Is it normal that there are no changes on AMDGPU's tests?

jayfoad · 2026-01-09T15:10:35Z

llvm/lib/Transforms/Scalar/NaryReassociate.cpp

-  if (!runImpl(F, AC, DT, SE, TLI, TTI))
+  // UniformityInfo is optional - only available on targets that benefit from
+  // uniformity-aware reassociation (e.g., GPU targets like AMDGPU).
+  auto *UI = AM.getCachedResult<UniformityInfoAnalysis>(F);


This doesn't seem right. We should require the analysis on all targets, but on targets that don't care about divergence the analysis should do no work and just say that everything is uniform.

And if you do want to make the analysis optional, the way to do it is via a pass option like -passes=nary-reassociate<with-uniformity> and then conditionally require the analysis.

getCachedResult is only suitable for analyses that you preserve but do not use. Otherwise you'll end up with random behavior based on details of analysis invalidation.

Thanks for the clarification! I've updated to use getResult/getAnalysis instead of getCachedResult/getAnalysisIfAvailable. The analysis was getting invalidated by intermediate passes (e.g., inliner) before NaryReassociate ran, so we now compute it directly to ensure it's always available. On targets without branch divergence, this has no cost as the analysis does no work.

PankajDwivedi-25 · 2026-01-09T16:52:11Z

Is it normal that there are no changes on AMDGPU's tests?

No existing test files changed because this patch uses getCachedResult/getAnalysisIfAvailable which only return UniformityAnalysis if already computed by a prior pass - avoiding overhead on non-GPU targets.

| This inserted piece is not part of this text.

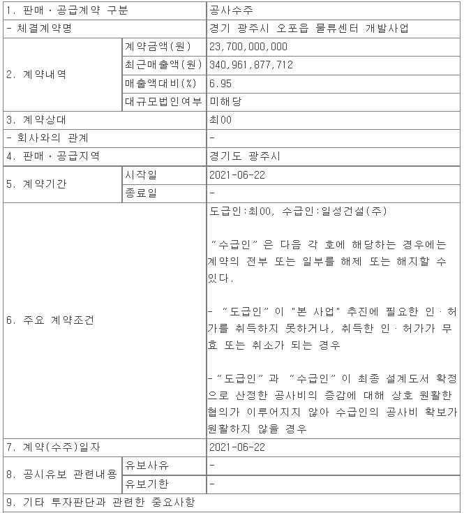 용인 ‘수지 현대아파트 리모델링’ 시공사 선정 ㅣ 일성건설, 경기 광주시 오포읍 물류센터 개발사업 수주

In the AMDGPU pipeline, although AMDGPUUniformIntrinsicCombinePass computes UniformityAnalysis, it gets invalidated by inliner passes before NaryReassociate runs. Enabling this in the AMDGPU pipeline requires either a follow-up PR to add RequireAnalysisPass() before NaryReassociate, or changing to getResult to compute it within the pass (though this adds overhead to all targets).

Existing tests don't have it available, and even if available, they lack the divergent values needed to trigger the preference logic.

github-actions · 2026-01-09T16:57:52Z

✅ With the latest revision this PR passed the C/C++ code formatter.

cdevadas · 2026-01-12T06:31:53Z

llvm/test/Transforms/NaryReassociate/AMDGPU/nary-add-uniform.ll

@@ -0,0 +1,222 @@
+; NOTE: Assertions have been autogenerated by utils/update_test_checks.py UTC_ARGS: --version 6


Can you precommit this test? The new changes introduced by this patch would be easier to review with that.

llvm/lib/Transforms/Scalar/NaryReassociate.cpp

jmmartinez · 2026-01-12T12:56:37Z

llvm/include/llvm/Transforms/Scalar/NaryReassociate.h

@@ -183,6 +184,7 @@ class NaryReassociatePass : public PassInfoMixin<NaryReassociatePass> {
  ScalarEvolution *SE;
  TargetLibraryInfo *TLI;
  TargetTransformInfo *TTI;
+  UniformityInfo *UI;


I skimmed through the code of UniformityInfo and I saw that we use a set to keep track of divergent values.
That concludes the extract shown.